## Brief:
Each line below from the "게이밍의자 1인용컴퓨터책상 마우스" line through the "一位特斯拉门店销售向新浪科技" line, those two included, must be restated word for word; the pictures must not be.

(Working data begins)

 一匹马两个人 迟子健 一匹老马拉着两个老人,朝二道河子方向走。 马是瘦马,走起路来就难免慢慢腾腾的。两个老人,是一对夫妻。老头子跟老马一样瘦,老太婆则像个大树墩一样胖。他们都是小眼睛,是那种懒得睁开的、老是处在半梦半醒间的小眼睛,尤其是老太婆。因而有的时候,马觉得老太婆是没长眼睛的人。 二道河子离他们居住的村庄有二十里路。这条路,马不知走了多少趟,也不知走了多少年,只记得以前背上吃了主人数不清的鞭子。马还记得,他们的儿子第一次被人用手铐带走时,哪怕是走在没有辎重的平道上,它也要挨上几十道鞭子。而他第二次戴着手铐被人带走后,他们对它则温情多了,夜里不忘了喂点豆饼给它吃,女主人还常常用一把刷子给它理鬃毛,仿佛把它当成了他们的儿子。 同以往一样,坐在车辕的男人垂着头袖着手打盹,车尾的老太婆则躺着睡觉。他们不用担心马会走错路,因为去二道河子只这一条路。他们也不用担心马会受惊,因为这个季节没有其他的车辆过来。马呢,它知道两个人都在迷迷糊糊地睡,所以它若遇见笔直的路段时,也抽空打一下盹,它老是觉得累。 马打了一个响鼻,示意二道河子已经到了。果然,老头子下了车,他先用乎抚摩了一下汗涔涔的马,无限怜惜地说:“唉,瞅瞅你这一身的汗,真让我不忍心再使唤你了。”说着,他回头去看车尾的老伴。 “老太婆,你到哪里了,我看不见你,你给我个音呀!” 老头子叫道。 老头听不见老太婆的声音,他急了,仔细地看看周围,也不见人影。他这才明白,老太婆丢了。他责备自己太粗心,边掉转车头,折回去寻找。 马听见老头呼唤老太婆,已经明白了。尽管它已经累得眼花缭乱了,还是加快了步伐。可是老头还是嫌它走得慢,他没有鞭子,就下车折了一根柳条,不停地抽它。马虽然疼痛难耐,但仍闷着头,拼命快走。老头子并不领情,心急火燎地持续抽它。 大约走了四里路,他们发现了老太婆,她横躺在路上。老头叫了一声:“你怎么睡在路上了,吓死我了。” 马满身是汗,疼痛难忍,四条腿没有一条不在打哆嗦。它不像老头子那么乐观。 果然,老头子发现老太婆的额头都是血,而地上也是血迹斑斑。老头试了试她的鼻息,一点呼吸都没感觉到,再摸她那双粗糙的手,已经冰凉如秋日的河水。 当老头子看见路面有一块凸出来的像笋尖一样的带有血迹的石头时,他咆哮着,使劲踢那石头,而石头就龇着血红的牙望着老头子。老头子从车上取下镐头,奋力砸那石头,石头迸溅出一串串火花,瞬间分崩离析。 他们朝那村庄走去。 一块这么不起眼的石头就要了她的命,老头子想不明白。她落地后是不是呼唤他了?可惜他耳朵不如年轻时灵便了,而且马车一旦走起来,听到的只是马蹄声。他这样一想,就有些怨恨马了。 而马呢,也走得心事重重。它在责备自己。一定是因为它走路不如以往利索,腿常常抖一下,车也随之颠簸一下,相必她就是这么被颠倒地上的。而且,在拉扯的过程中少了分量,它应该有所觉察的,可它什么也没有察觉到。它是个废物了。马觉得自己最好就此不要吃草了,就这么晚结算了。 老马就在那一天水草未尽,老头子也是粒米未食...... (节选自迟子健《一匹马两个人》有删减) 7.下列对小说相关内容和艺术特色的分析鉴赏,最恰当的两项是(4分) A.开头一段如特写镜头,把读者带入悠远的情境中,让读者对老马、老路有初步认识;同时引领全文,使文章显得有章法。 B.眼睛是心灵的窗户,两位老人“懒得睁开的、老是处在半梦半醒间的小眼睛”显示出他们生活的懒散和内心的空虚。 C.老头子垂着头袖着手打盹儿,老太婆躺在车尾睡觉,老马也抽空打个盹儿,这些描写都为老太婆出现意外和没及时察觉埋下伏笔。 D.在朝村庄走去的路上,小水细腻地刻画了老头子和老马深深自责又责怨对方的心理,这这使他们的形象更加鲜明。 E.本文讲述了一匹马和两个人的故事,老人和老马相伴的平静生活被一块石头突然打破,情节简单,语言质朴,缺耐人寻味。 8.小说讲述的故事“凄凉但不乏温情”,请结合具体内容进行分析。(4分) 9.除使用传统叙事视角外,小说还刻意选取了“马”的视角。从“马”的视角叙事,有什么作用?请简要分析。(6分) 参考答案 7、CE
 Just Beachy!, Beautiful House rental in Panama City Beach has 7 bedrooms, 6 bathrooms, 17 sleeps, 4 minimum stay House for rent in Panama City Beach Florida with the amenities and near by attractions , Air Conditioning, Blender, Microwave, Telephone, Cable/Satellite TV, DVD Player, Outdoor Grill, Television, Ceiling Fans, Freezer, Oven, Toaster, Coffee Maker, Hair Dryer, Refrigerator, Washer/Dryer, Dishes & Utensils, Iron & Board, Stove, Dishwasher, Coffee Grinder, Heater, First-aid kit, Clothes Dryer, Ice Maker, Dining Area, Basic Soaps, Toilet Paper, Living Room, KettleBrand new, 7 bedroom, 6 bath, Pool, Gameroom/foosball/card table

(Working data ends)
(Working data begins)

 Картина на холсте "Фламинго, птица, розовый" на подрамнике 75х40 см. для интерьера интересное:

(Working data ends)
(Working data begins)

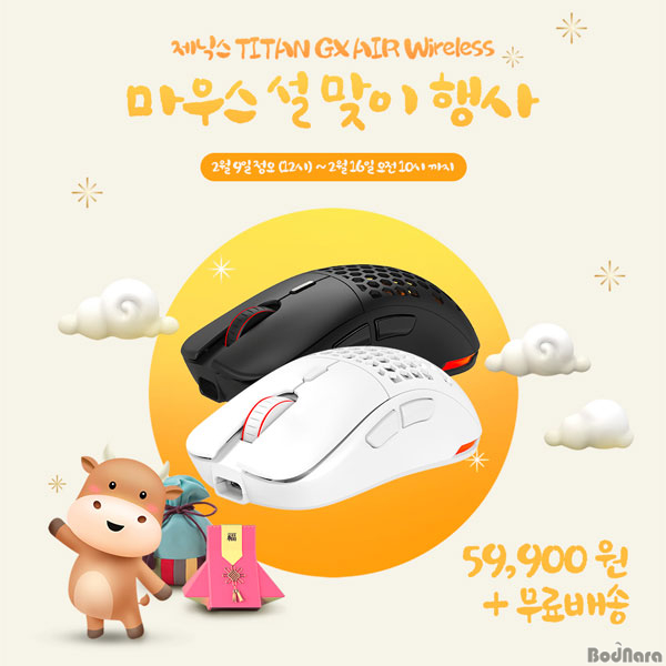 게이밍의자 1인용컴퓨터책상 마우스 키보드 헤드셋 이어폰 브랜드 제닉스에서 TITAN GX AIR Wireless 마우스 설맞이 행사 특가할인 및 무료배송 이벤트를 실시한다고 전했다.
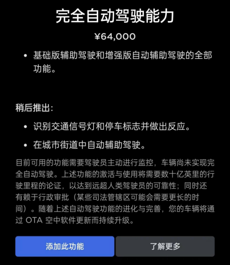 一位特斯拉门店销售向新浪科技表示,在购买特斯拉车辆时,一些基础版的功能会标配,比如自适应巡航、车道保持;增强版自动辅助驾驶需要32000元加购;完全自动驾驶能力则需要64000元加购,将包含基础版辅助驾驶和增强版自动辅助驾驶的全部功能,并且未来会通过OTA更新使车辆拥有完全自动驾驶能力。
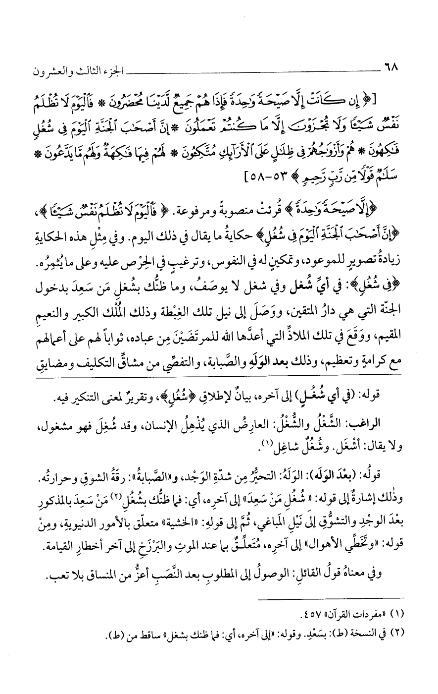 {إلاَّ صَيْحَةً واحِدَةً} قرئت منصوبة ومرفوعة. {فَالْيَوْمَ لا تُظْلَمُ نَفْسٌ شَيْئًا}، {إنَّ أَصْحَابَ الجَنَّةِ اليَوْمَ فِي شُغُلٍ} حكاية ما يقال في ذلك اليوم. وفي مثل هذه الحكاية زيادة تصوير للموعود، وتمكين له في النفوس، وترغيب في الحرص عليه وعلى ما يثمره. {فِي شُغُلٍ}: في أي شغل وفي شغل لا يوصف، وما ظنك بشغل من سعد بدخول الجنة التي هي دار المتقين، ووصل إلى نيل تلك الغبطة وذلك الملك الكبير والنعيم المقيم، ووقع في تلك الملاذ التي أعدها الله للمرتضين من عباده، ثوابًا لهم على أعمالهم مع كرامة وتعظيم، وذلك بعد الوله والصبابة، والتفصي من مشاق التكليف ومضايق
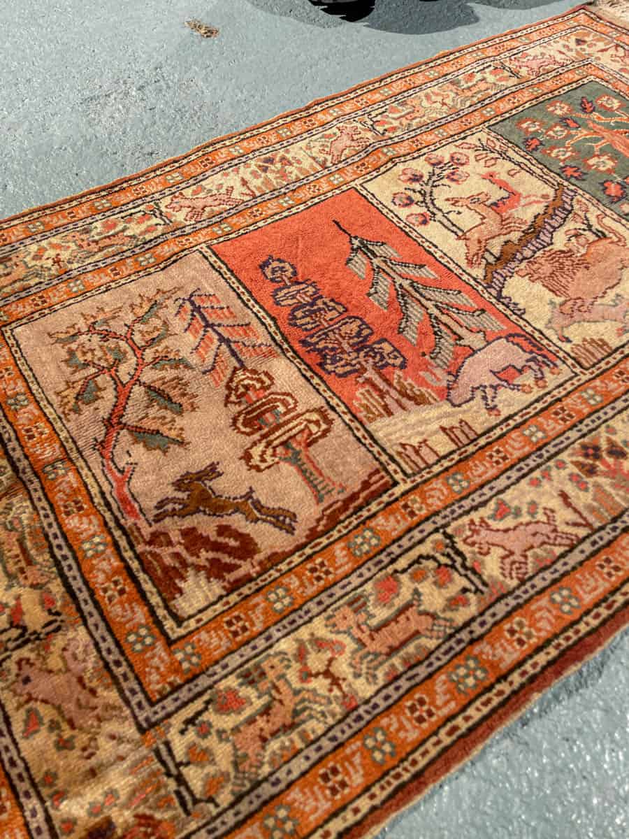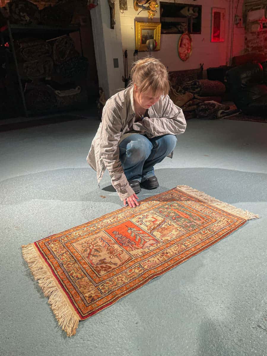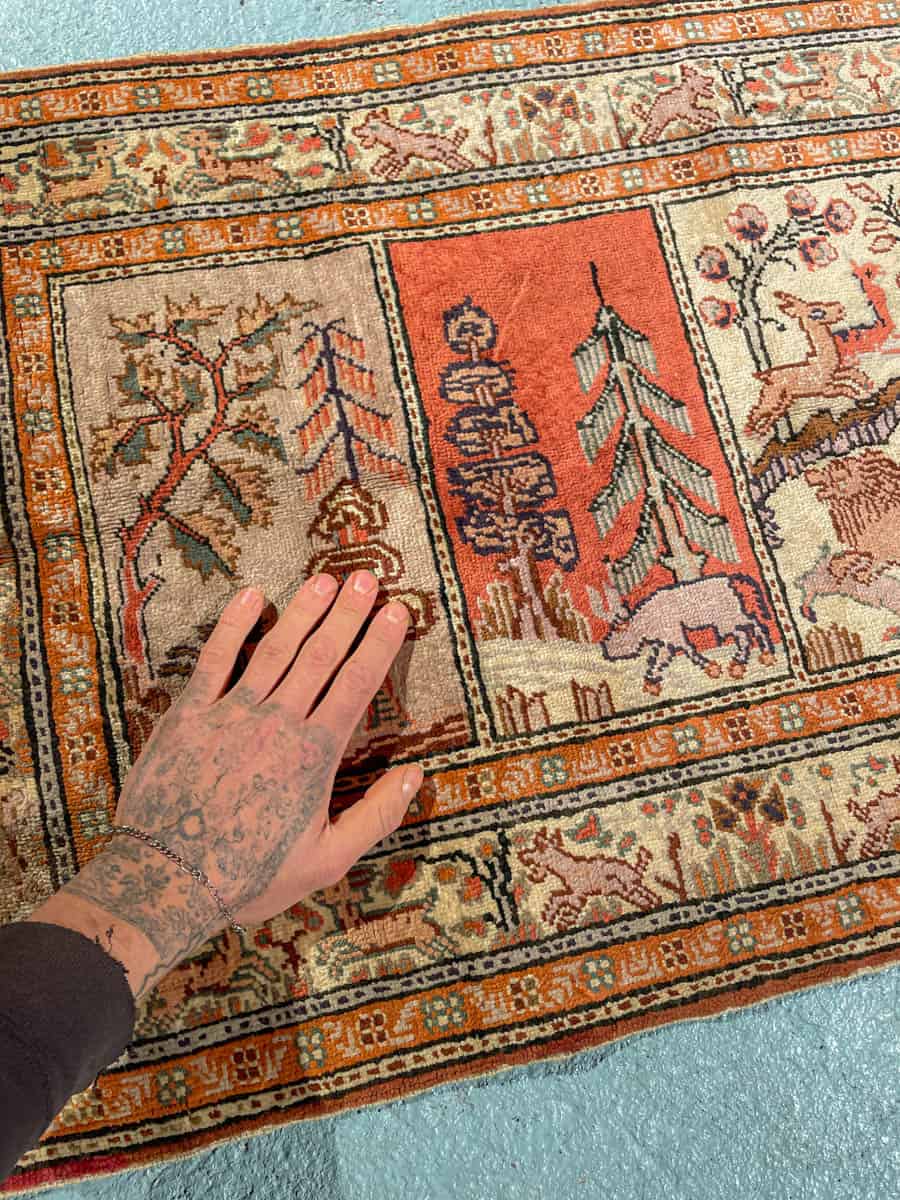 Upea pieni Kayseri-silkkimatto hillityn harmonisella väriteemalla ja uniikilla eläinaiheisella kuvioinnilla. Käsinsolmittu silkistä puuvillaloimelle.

(Working data ends)

## Completed exercise:
 게이밍의자 1인용컴퓨터책상 마우스 키보드 헤드셋 이어폰 브랜드 제닉스에서 TITAN GX AIR Wireless 마우스 설맞이 행사 특가할인 및 무료배송 이벤트를 실시한다고 전했다.
 一位特斯拉门店销售向新浪科技表示,在购买特斯拉车辆时,一些基础版的功能会标配,比如自适应巡航、车道保持;增强版自动辅助驾驶需要32000元加购;完全自动驾驶能力则需要64000元加购,将包含基础版辅助驾驶和增强版自动辅助驾驶的全部功能,并且未来会通过OTA更新使车辆拥有完全自动驾驶能力。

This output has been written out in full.